The required output is the lines below from the line containing "Pohled z vrchu" to the line containing "- PREMIUM PROTEIN, NOW", inclusive, retyped exactly. No other lines belong in it.

RECORDS PROVIDED:
————

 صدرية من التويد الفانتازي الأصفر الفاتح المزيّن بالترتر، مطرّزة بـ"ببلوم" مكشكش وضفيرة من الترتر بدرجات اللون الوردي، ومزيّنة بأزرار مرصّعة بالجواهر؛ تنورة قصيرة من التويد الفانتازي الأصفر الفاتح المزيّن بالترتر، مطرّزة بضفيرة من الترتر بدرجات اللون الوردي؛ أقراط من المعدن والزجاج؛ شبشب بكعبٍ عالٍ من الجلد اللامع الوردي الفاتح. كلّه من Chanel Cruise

————

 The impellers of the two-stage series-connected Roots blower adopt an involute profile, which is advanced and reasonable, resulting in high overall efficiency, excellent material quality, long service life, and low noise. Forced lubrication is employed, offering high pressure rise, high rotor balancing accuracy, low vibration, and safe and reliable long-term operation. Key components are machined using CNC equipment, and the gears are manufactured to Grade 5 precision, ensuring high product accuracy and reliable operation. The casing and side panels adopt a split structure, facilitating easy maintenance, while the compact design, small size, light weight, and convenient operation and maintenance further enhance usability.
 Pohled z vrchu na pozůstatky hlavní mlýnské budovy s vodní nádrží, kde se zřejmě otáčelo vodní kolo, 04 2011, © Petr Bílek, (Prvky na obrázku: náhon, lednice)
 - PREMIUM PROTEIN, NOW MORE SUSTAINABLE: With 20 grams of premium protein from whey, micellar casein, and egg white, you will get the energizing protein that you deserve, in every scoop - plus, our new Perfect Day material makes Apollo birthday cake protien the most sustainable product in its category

————

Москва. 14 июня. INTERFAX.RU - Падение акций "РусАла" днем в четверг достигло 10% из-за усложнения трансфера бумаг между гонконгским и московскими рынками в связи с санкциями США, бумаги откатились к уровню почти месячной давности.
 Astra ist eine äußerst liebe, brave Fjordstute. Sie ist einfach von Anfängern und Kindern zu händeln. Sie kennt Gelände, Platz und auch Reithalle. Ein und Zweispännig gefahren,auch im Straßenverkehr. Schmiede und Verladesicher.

————

RESULT OF THE EXERCISE:
 Pohled z vrchu na pozůstatky hlavní mlýnské budovy s vodní nádrží, kde se zřejmě otáčelo vodní kolo, 04 2011, © Petr Bílek, (Prvky na obrázku: náhon, lednice)
 - PREMIUM PROTEIN, NOW MORE SUSTAINABLE: With 20 grams of premium protein from whey, micellar casein, and egg white, you will get the energizing protein that you deserve, in every scoop - plus, our new Perfect Day material makes Apollo birthday cake protien the most sustainable product in its category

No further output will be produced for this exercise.